Clave (rhythm) - The Key To Afro-Cuban Rhythm

The Key To Afro-Cuban Rhythm

The two main clave patterns used in Afro-Cuban music, are known in North America as son clave and the rumba clave. Both are used as bell patterns across much of Africa. Son and rumba clave can be played in either a triple-pulse (12/8 or 6/8) or duple-pulse (4/4, 2/4 or 2/2) structure. The contemporary Cuban practice is to write the duple-pulse clave in a single measure of 4/4. It is also written in a single measure in ethnomusicological writings about African music.

Although they subdivide the beats differently, the 12/8 and 4/4 versions of each clave share the same pulse names. The correlation between the triple-pulse and duple-pulse forms of clave, as well as other patterns, is an important dynamic of sub-Saharan-based rhythm. Every triple-pulse pattern has its duple-pulse correlative.

Son clave has strokes on: 1, 1a, 2&, 3&, 4.

4/4:

1 e & a 2 e & a 3 e & a 4 e & a || X . . X . . X . . . X . X . . . ||

12/8:

1 & a 2 & a 3 & a 4 & a || X . X . X . . X . X . . ||

Rumba clave has strokes on: 1, 1a, 2a, 3&, 4.

4/4:

1 e & a 2 e & a 3 e & a 4 e & a || X . . X . . . X . . X . X . . . ||

12/8:

1 & a 2 & a 3 & a 4 & a || X . X . . X . X . X . . ||

Both clave patterns are used in rumba. What we now call son clave (also known as Havana clave) used to be the key pattern played in Havana-style yambú and guaguancó. Some Havana-based rumba groups still use son clave for yambú. The musical genre known as son probably adopted the clave pattern from rumba when it migrated from eastern Cuba to Havana at the beginning of the 20th century.

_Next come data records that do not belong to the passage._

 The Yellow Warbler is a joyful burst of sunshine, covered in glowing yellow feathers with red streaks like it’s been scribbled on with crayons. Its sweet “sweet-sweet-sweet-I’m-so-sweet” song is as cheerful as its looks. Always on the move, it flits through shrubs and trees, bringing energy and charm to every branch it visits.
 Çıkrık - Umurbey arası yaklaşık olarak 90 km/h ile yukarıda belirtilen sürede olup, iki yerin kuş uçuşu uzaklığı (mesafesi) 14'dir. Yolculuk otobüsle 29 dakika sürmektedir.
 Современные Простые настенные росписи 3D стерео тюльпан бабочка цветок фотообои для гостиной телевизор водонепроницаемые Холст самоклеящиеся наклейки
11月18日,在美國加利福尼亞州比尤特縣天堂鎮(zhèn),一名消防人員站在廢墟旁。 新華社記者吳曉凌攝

During the nineteenth century, African music and European music sensibilities were blended together in original Cuban hybrids. Cuban popular music became the conduit through which sub-Saharan rhythmic elements were first codified within the context of European ('Western') music theory. The first written music rhythmically based on clave was the Cuban danzón, which premiered in 1879. The contemporary concept of clave with its accompanying terminology reached its full development in Cuban popular music during the 1940s. Its application has since spread to folkloric music as well. In a sense, the Cubans standardized their myriad rhythms, both folkloric and popular, by relating nearly all of them to the clave pattern. The veiled code of African rhythm was brought to light due to clave’s omnipresence. Consequently, the term clave has come to mean both the five-stroke pattern and the total matrix it exemplifies. In other words, the rhythmic matrix is the clave matrix. Clave is the key that unlocks the enigma; it de-codes the rhythmic puzzle. It’s commonly understood that the actual clave pattern does not need to be played in order for the music to be 'in clave'—Peñalosa (2009).

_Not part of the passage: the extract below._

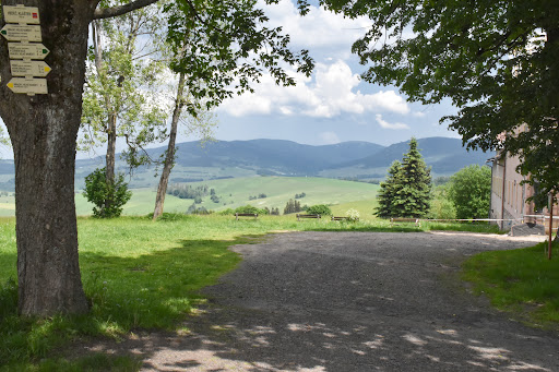Read moreChtěli jsme rychlý výlet na cestě domů z Jeseníků a stavili se zde, jelikož jsem tu už jako malá byla a moc jsem si z toho nepamatovala. Především jsem si nepamatovala, že výstup alejí nahoru není zas takové lehárko :D Ale vyběhnete to nahoru za 15 minut, dá se tam ale dopravit i z druhé strany autem, pokud máte třeba prarodiče nebo nemohoucího člena rodiny. V okolí chrámu nejsou žádné přehnané turistické stánky apod. jak tomu bývá jinde, je tam čisto a klid i takhle v neděli. Krásný výhled do okolí, místo má hezkou atmosféru. Bohužel jsme zapomněli, v jaké době žijeme a neměli jsme respirátory, takže jsme se nemohli podívat do kostela. Zpátky jsme šli cestou kolem Mariánského pramene a byla to moc příjemná...

One of the most difficult applications of the clave is in the realm of composition and arrangement of Cuban and Cuban-based dance music. Regardless of the instrumentation, the music for all of the instruments of the ensemble must be written with a very keen and conscious rhythmic relationship to the clave . . . Any ‘breaks’ and/or ‘stops’ in the arrangements must also be ‘in clave’. If these procedures are not properly taken into consideration, then the music is 'out of clave' which, if not done intentionally, is considered an error. When the rhythm and music are ‘in clave,’ a great natural ‘swing’ is produced, regardless of the tempo. All musicians who write and/or interpret Cuban-based music must be ‘clave conscious,’ not just the percussionists—Santos (1986).